Both know all too well that they are getting closer to retirement and that they don’t have a plan in place. Leslie has voiced concerns about what her retirement will look like. Michael says, “We are going to be fine,” but when Leslie asks him to explain how he knows that, he can’t.

Michael and Leslie are not clueless, extravagant or irresponsible. They are educated and hard-working, have a busy family and personal life, are paying and saving for college and care for their aging parents. They also put some money in their employee retirement account. But they don’t plan.

And, like the rest of us, they hear the constant, dire warnings about the need to plan for retirement. They also know there are hundreds (seemingly millions…) of resources out there to help them plan. They could get buried by the retirement planning books, websites, blogs and newsletters — but they don’t read them.

What I tell them, and I’m telling you, is: There is hope.

You can put together a plan. Will it be ideal, ensuring an anxiety-free, easy retirement? No, because such a plan simply does not exist (and if it does, it’s for the very few).

Instead, to crack the nut of planning paralysis, let me tell you how to do what I call good-enough or resilient planning.

Good-enough planning is the only route that is realistic and makes sense. We cannot guarantee that everything will work out in our retirement. But, we can map out the retirement that would work best for us. And we can try to up the odds of making that plan happen.

By the way, it doesn’t all hinge on money.

Your Emotions Are the Key

So how do you move from not planning to good-enough planning?

The key is our emotions: we need to embrace those that block us — namely fear and anxiety — and use them resiliently and effectively.

To be sure, most financial experts advise keeping emotions out of money. I say just the opposite because not only is that impossible, it leads to serious damage.

Emotions are involved in 80 percent of every money decision we make. And when aging collides with money, we feel intense anxiety, fear, helplessness, loss and more.

So how can you possibly keep emotions out of retirement planning? You can’t.

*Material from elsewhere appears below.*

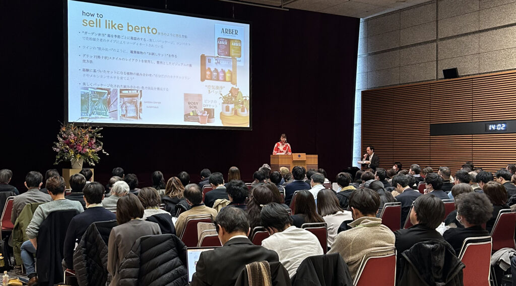 また、アメリカで実際に成功している園芸店の事例も紹介されました。植物をテーマにしたビンゴ大会や、ハウス内でのヨガイベントなど、他にはないユニークな取り組みが来店動機を生み出している点が非常に印象的でした。

When we try to keep our emotions out, we risk making bad decisions. When we deny our anxiety and fear, we block these natural, useful warning signals and lose valuable information. Anxiety and fear can force us to be protective because these feelings tell us: aging and retirement is important, pay attention, we need to act! But when we deny and ignore these feelings, we don’t act, and are left unprepared and with fewer choices.

Good-enough resilient planning lets you optimally use the emotions of fear and anger in your retirement planning. Resilience doesn’t mean happily planning for an ideal retirement; it means effectively and ably planning for a clearly challenging situation. Resilient planning takes into account the realistic challenges in our personal situations.

And resilient planning does not just include saving lots of money. There are ways to plan effectively that don’t include money.

5 Instructions for Resilient Retirement Planning

So here’s a roadmap with five driving instructions for resilient planning, using your emotions and considering the particularities of your unique life:

1. Embrace the emotions related to aging and retirement. Since we are living longer, we need to face the feelings that go with aging and realistically plan for this stage of life. We can’t deny or avoid it.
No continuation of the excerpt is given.